After she has moved on and accepted that her failed marriage was her fault, she discovers he is not the good and faithful spouse he always maintained that he was and that she believed him to be.  His skeletons fly out of his closet like ghosts at Hallowe'en.  He carefully avoids those topics, never confirming nor denying.  Never apologizing or admitting fault.  Years go by.  They both have successfully moved on, new commitments, new lives.

scene change

 Now, how amazing would it be to leave your past behind you, all the woe, stress, and worry, any and all ill feelings behind and go reinvent yourself in a place with no expectations?  Nothing follows you but a little debt that is quickly dealt with.  You get your dream apartment, the one you talked about all the time in college, dinner out and your chosen entertainment whenever you want them...all at the low low cost of a couple hundred dollars a month and a handful of phone calls to keep those back home happy, just enough to stay in good grace.  Little white, not-exactly-lies begin to manifest once you get to where you can reinvent yourself.  You feed the ones you attempt to care about a couple lines about it not being permanent and then make it permanent.  You find the perfectly damaged mate, the one who will buy that same tired line, "they all leave me", that person takes you in, spends their dime on you, and gives you the ability to build the rest of that dream.  You don't have to do a thing but keep up another facade.  Make them feel special once in a while, make them believe your mildly abusive behavior is the product of that past you don't talk about.  **maintain air of mystery**
Seriously, how amazing would that be????  All your responsibilities done, managed, over.  All that's required of you is to say the right things to the right people and maintain your facade, and BOOM.  All of life tied up in a neat little bow.

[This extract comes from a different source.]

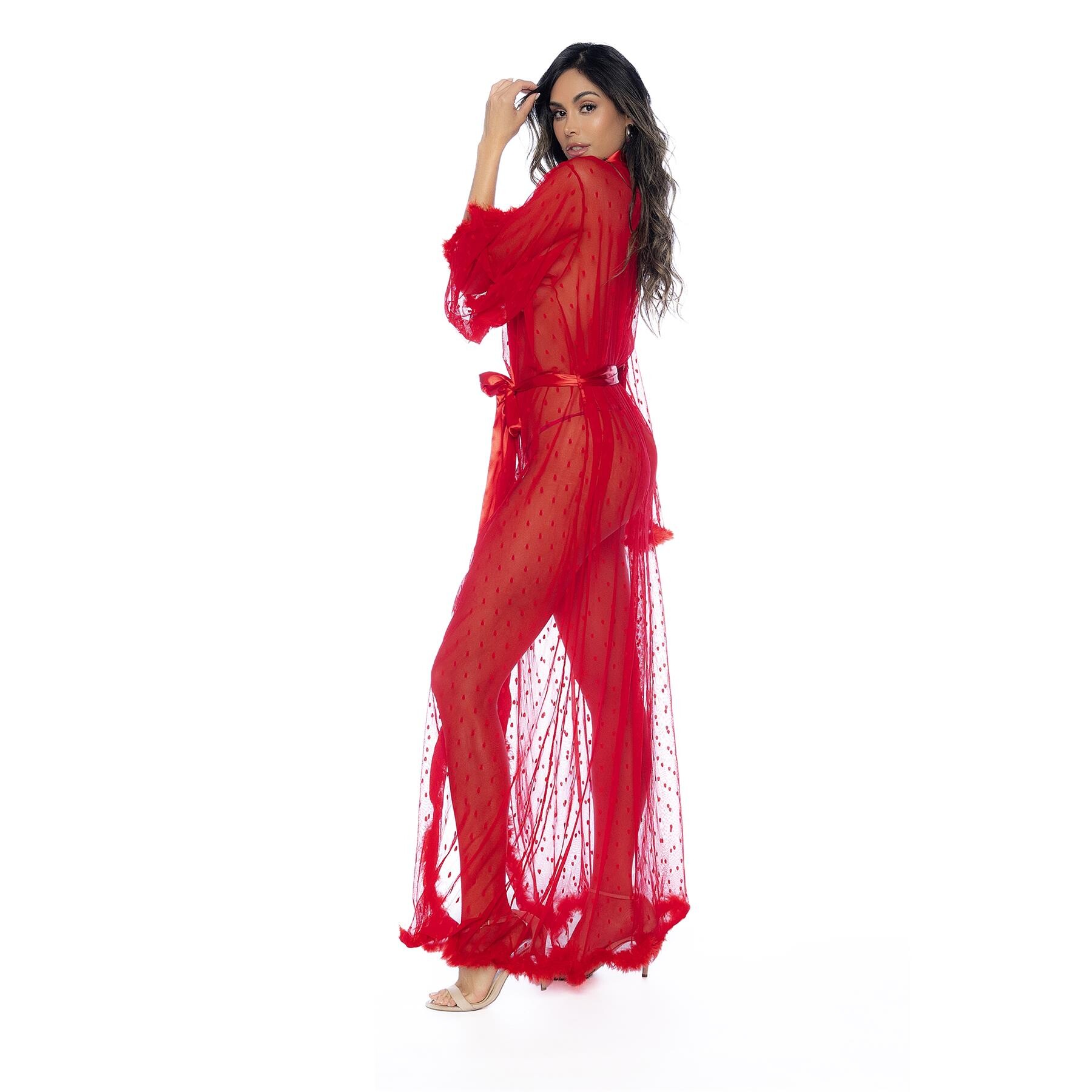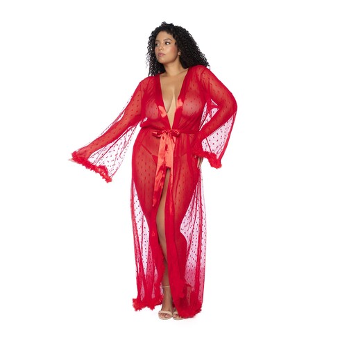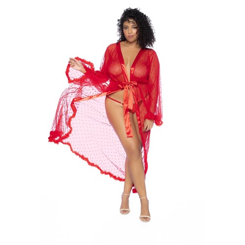 Step into the holiday season looking sexier than ever! This glamorous robe is a striking red hue, perfect for catching their eye. See-through mesh material spans your sexy body, trailing down past the ankles. Bright feather lining trims the bottom and arms. The middle is lined with shiny satin that matches the beautiful belt. Tie it up in a cute bow, you’ll look like one hot present! Encourage your lover to tug on the bow to unwrap a sexy surprise. The dotted pattern adds a special festive flair. Pair with your favorite heels from home. Looking for the perfect lingerie set to match? Shop dozens of styles right here at adameve.com! Made of 100% Polyamide. Exclusively sold at Adam & Eve. Imported.

People who are more than the average narcissist all have certain traits:

They lack empathy and typically don't have a strong conscience.
They really believe they are never wrong and harbor no guilt for mistakes.
They are preoccupied with fantasies of epic success or romance.
They believe themselves to be better than those around them, more intelligent and special.
They are very arrogant and often charismatic, believing everyone likes them the most.

There is an all knowing, highly educated, incredibly witty renaissance man out there buying his way into his child's heart because he has no idea what else to do.  Still using.  Still belittling.  Still avoiding the truth of what was.